_DIRECTIONS_
Because the pictures are not wanted, reproduce the rest of the records below exactly as they stand.

== LISTED ENTRIES ==

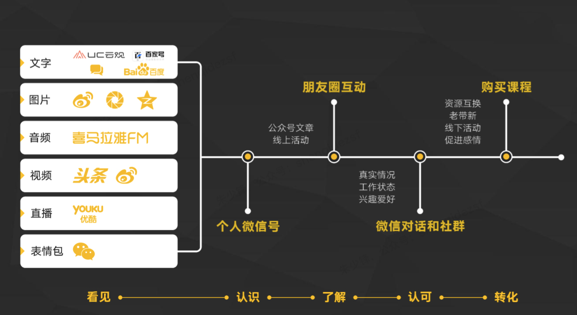 看見(渠道),大公司的平臺導流。作為一個創業公司,我們的資源和錢都是比較少的。如果我們只通過自己的流量手段去做營銷是非常困難的。因為我們的流量非常小,做這個事情就非常難。那么我們要借力打力,我們經歷了非常多的新渠道的內容稀缺紅利,比如喜馬拉雅缺乏優質的音頻,如果你有,那就能得到非常好的效果。
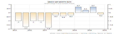 So Greece has little choice but to exit the euro currency, unless some last minute compromise with the EU is possible. Its unemployment rate is currently 25.8 percent, the worst in the Eurozone (slightly more than Spain’s 23.7 percent), as it has been in a deflationary spiral, further depressing its economic activity.
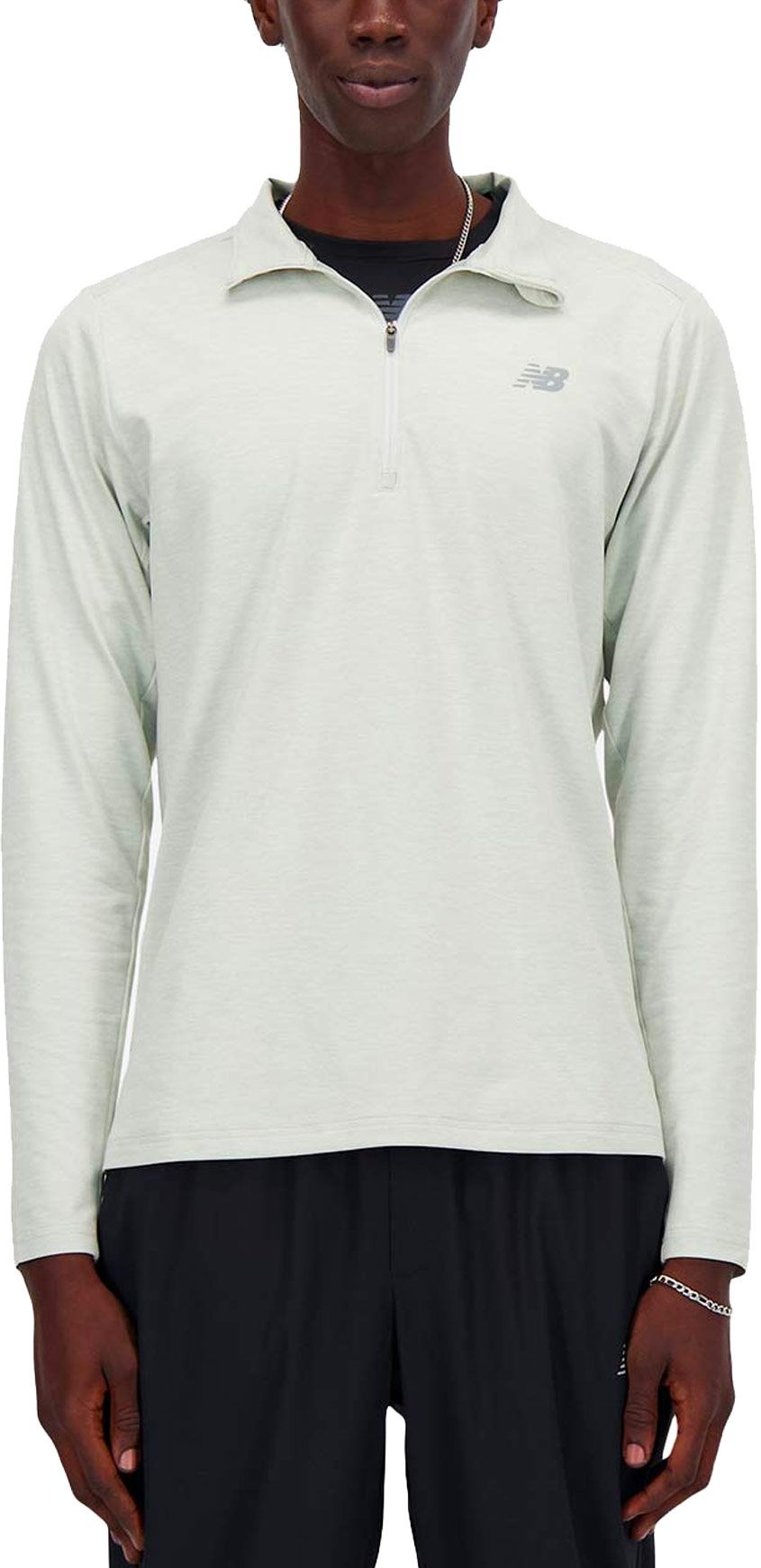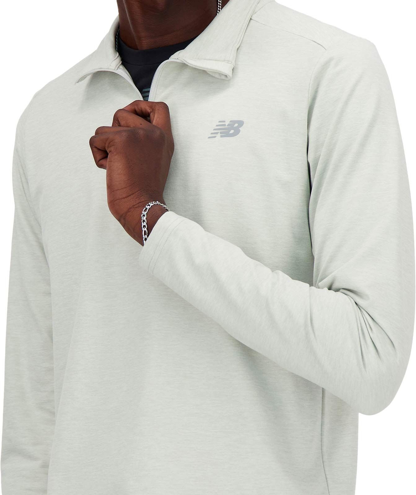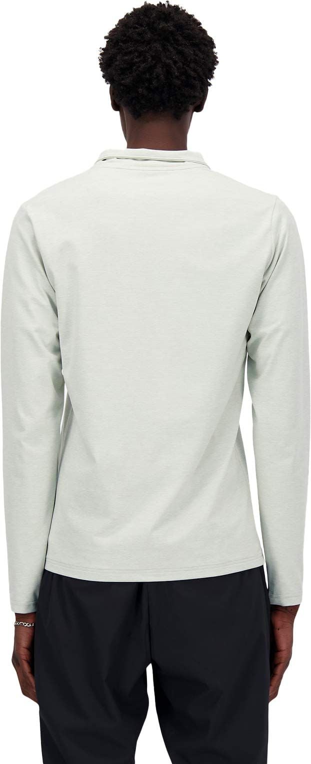 T-shirt à manches longues New Balance Space Dye 1/4 Zip Athletic Grey homme, séchage rapide, col 1/4 zip et passe-pouces pour le trail running par temps frais.
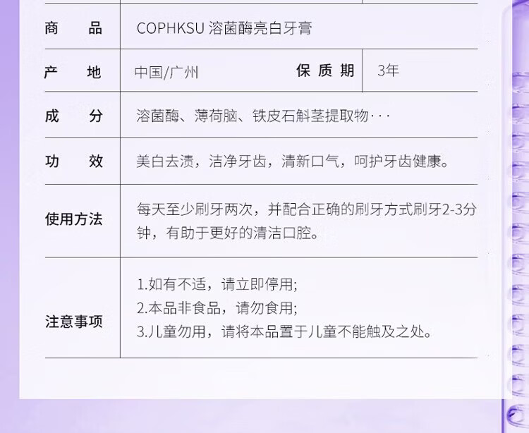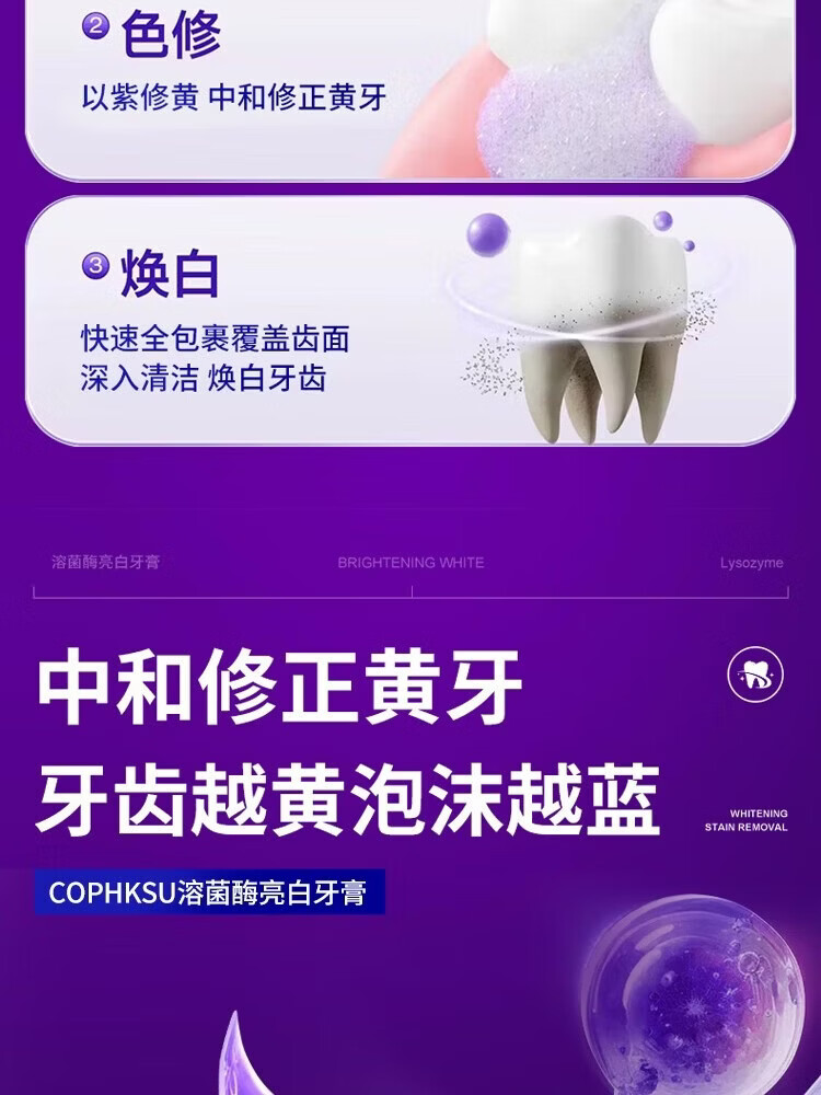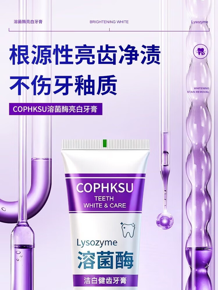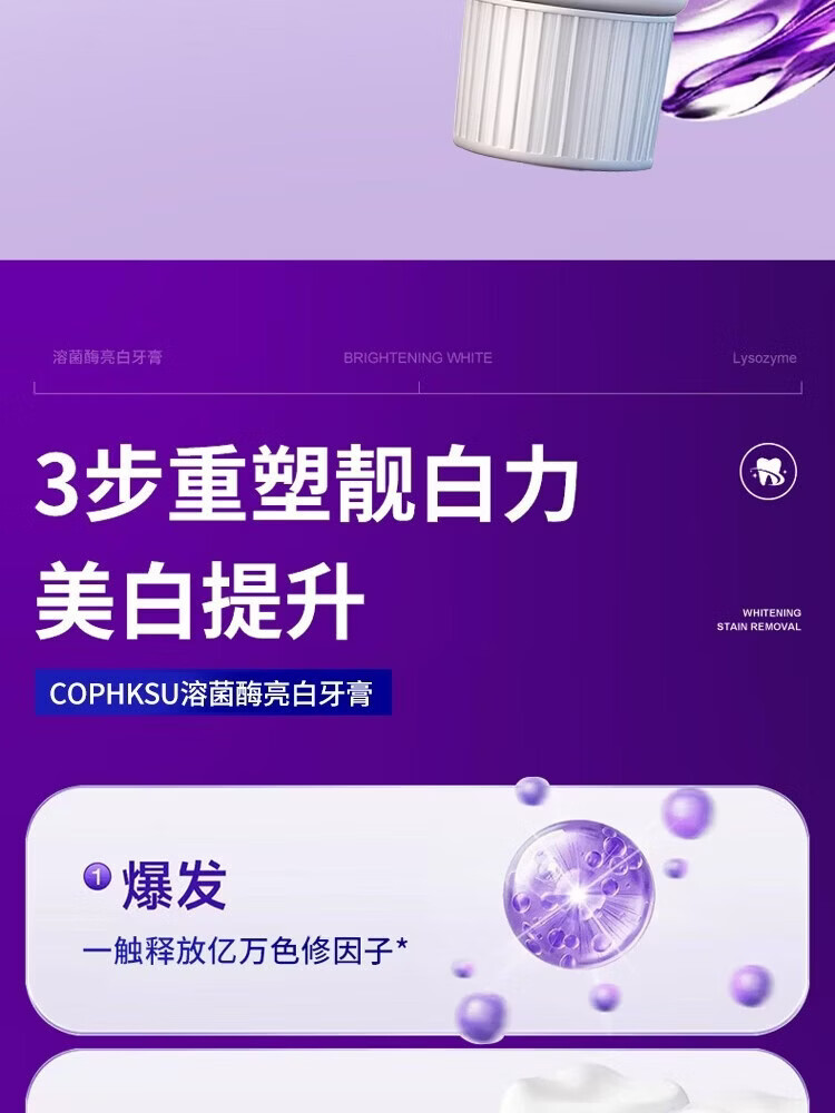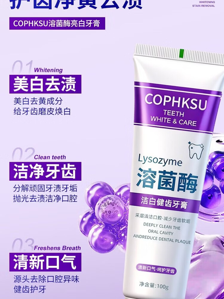 COPHKSU菌酶亮白牙膏清新口气紫色牙膏去渍炫白呵护牙龈齿清洁口腔 溶酸酶牙膏 100g*3支 *
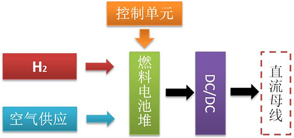 其工作原理是风力、光伏发电系统发电,并由电池储能,由储能逆变系统转换成交流电后接入电网,燃料电池单元所发的电能经DC-DC转换后送入直流总线作后备储能;系统可离网运行亦可并网运行,在网端能耗负荷内完成削峰填谷功能。
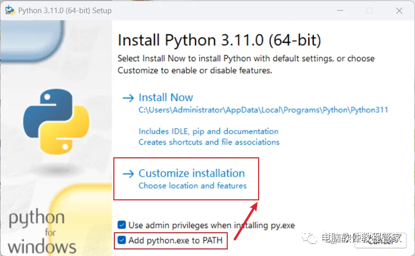 3、勾选“Add Python to PATH”,点击“Customize installation”
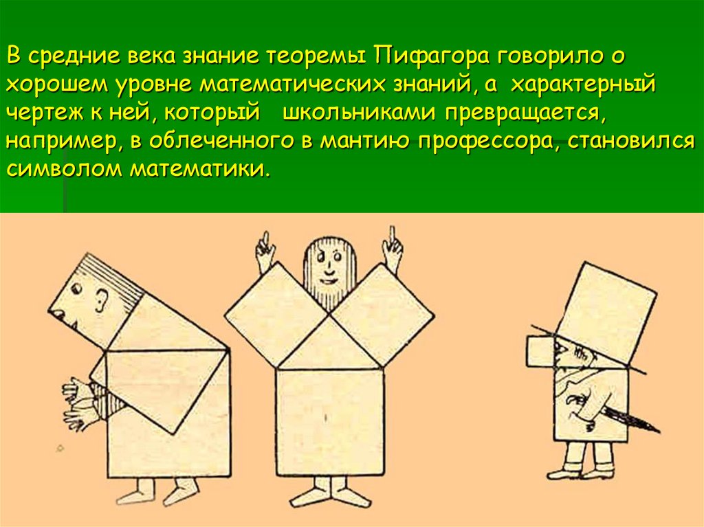 10. В средние века знание теоремы Пифагора говорило о хорошем уровне математических знаний, а характерный чертеж к ней, который

===

_EXERCISE RESPONSE_
 看見(渠道),大公司的平臺導流。作為一個創業公司,我們的資源和錢都是比較少的。如果我們只通過自己的流量手段去做營銷是非常困難的。因為我們的流量非常小,做這個事情就非常難。那么我們要借力打力,我們經歷了非常多的新渠道的內容稀缺紅利,比如喜馬拉雅缺乏優質的音頻,如果你有,那就能得到非常好的效果。
 So Greece has little choice but to exit the euro currency, unless some last minute compromise with the EU is possible. Its unemployment rate is currently 25.8 percent, the worst in the Eurozone (slightly more than Spain’s 23.7 percent), as it has been in a deflationary spiral, further depressing its economic activity.
 T-shirt à manches longues New Balance Space Dye 1/4 Zip Athletic Grey homme, séchage rapide, col 1/4 zip et passe-pouces pour le trail running par temps frais.
 COPHKSU菌酶亮白牙膏清新口气紫色牙膏去渍炫白呵护牙龈齿清洁口腔 溶酸酶牙膏 100g*3支 *
 其工作原理是风力、光伏发电系统发电,并由电池储能,由储能逆变系统转换成交流电后接入电网,燃料电池单元所发的电能经DC-DC转换后送入直流总线作后备储能;系统可离网运行亦可并网运行,在网端能耗负荷内完成削峰填谷功能。
 3、勾选“Add Python to PATH”,点击“Customize installation”
 10. В средние века знание теоремы Пифагора говорило о хорошем уровне математических знаний, а характерный чертеж к ней, который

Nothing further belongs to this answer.